Клара твердо уверилась, что в эту ночь ей не уснуть. Оставаться дома и мучиться неизвестностью было выше ее сил. Она наспех оделась и, даже не посмотрев на себя в зеркало, чего никогда с ней не бывало, вышла на улицу. Смятение чувств подталкивало ее в сторону концертного зала. Наверняка нужна ее помощь. Ветер трепал ее волосы, каблуки нервно стучали по брусчатке тротуара. Клара спешила.

За пять лет совместной жизни Клара хорошо изучила своего мужа. По документам он был старше ее на двенадцать лет, но для нее был ребенком — капризным, нуждающимся в поддержке, совете. А она любила давать советы. Чрезвычайно. Ткаллер лишь улыбался, называя ее то кремень, то металлический стержень. Иной раз ее напористость и нежелание идти на компромисс выводили Александра из себя, и он после долгого терпения высказывал жене все, что считал нужным. Клара на время отступала, с врожденной грациозностью маневрировала при абсолютной уверенности в том, что она сумеет доказать мужу свою правоту и преданность и он будет просто обязан считаться с нею и искать в ней поддержку и опору. И эта поддержка прибудет незамедлительно. Так и только так она представляла их семейную жизнь.

Клара быстро шла по ночной улице в сторону центральной площади. Отовсюду — из винных погребков, из раскрытых окон слышались выкрики, смех, песни. Подгулявшие люди окликали ее, здоровались и приглашали повеселиться. Клара не останавливалась и никому ничего не отвечала.

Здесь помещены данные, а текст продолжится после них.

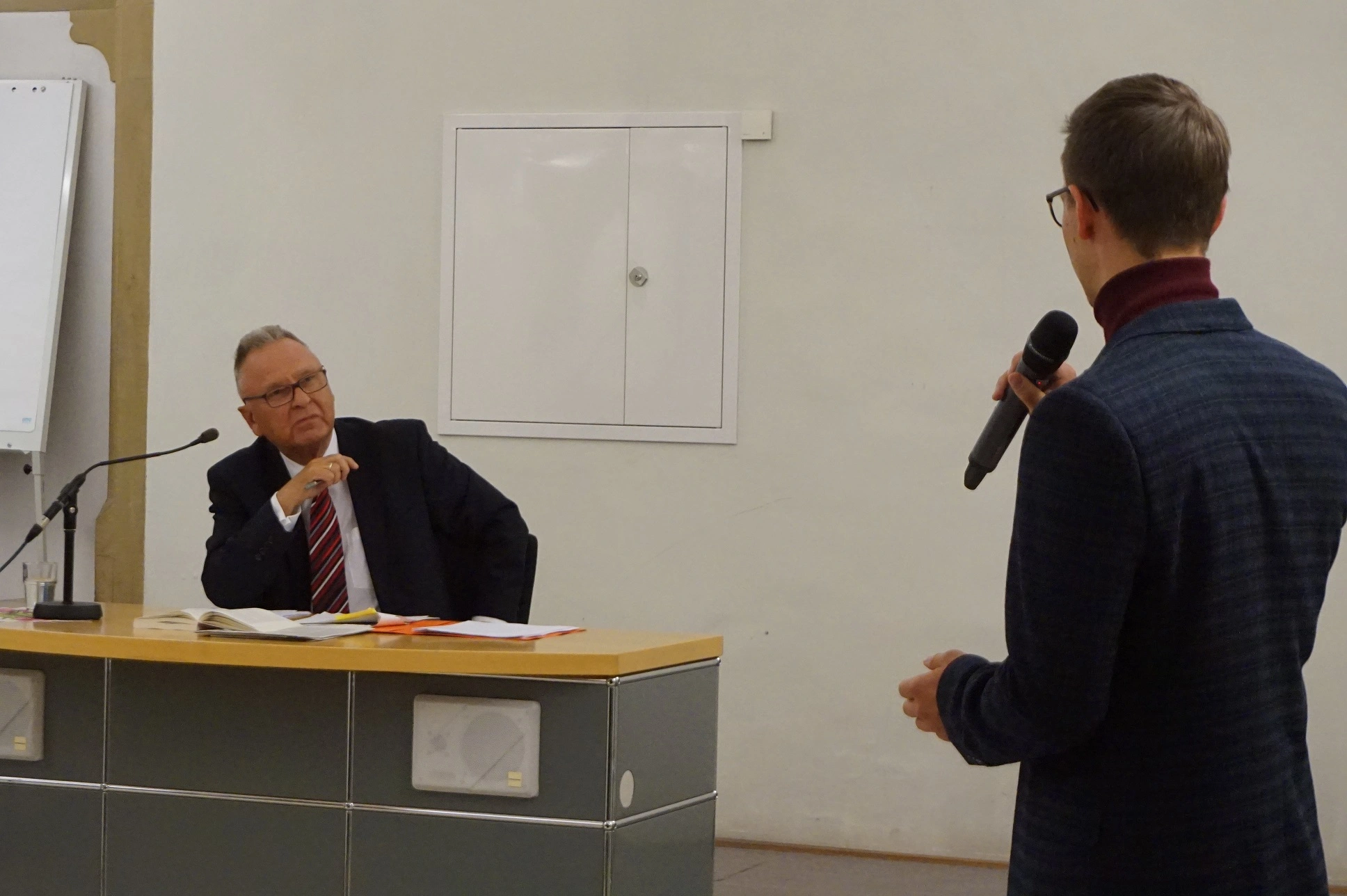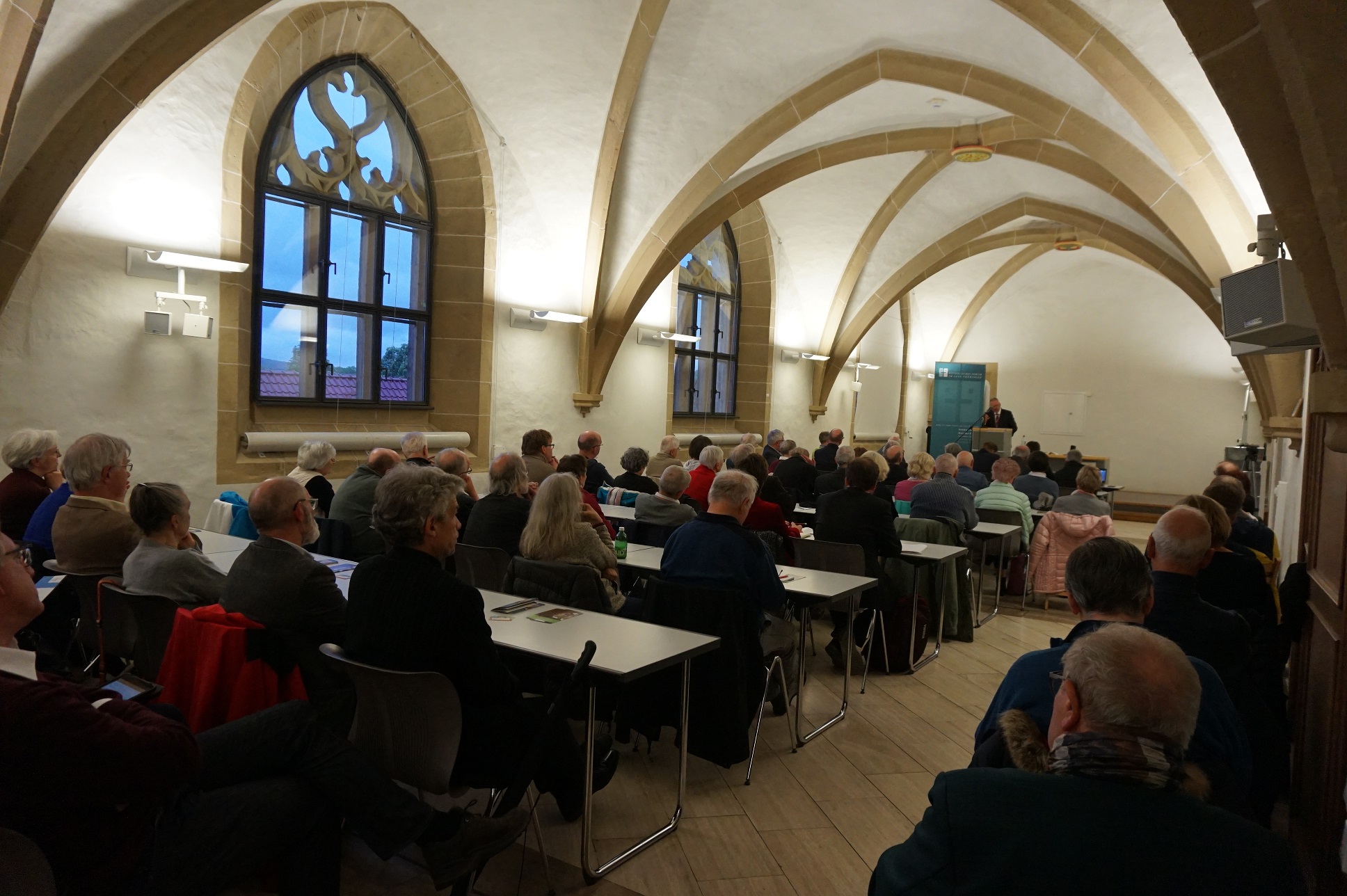 Mit dieser These eröffnete Hans-Jürgen Papier, ehemaliger Präsident des Bundesverfassungsgerichtes, am 8. Mai die diesjährigen Kreuzgang-Gespräche. Ausgehend von der Frage “Nur eine hinkende Trennung?” ergründete er die historischen und rechtlichen Grundlagen des deutschen Staatskirchenrechtes. Das Verhältnis zwischen Staat und Religion müsse dabei stets unter den Bedingungen religiös-weltanschaulicher Pluralität betrachtet werden, erklärte er. Damit lenkte der Jurist den Blick auf historische sowie moderne Gesellschaften, in den verschiedene Weltanschauungen nebeneinander leben und wirken. In dieser weltanschaulichen Vielfalt müsse der Staat einen neutralen Standpunkt wahren, denn: „Nur ein Staat, der nicht auf religiösen Werten basiert, kann Frieden in einer Zeit religiöser Kriege sicherstellen“, argumentierte Papier.

На площади продолжался концерт. Негритянский унисон виолончелей исполнял токкату. Струны визжали под смычками, как чердачные кошки. Свет бокового прожектора был направлен на смычки, поэтому создавалось впечатление, что смычки играют сами — лица, руки и фраки негритянских музыкантов были так черны, что музыкантов никто не видел. Смычки же яростно работали сами по себе, словно пневматические орудия.

Клара обогнула забитую народом площадь и подошла к пограничной зоне у главного входа в концертный зал. У входа прогуливался полицейский, на углу дежурил еще один. Вид у них был абсолютно спокойный. Осторожная Клара обошла вокруг зала, поглядывая в окна, будто ожидая, что в назначенное время кто-то подаст ей условный сигнал. Особенно пристально она вглядывалась в окна директорского кабинета — ни единого намека на то, что там неблагополучно. Так чего же она тревожится?

Вдруг Клара почувствовала на себе чей-то пристальный взгляд. Клара осторожно скользила глазами по площади. Присмотрелась к полицейским — нет, не они. Клара опустила голову, пошла быстро, вдруг резко повернулась и — ап! Конечно, он! Взгляды на долю секунды пересеклись, и Клара узнала Кураноскэ. Фантастически моментально он растворился в толпе. Эта слежка Клару еще более насторожила и усилила ее тревогу. Теперь уже и зал выглядел по-иному. Какие-то тени блуждали по стенам, окна фосфоресцировали, предупреждая или напоминая о возможной опасности. А может, это все глупости? Карнавально-фестивальная чепуха? Как Клара себя ни успокаивала, а знала одно: что-то нужно предпринимать…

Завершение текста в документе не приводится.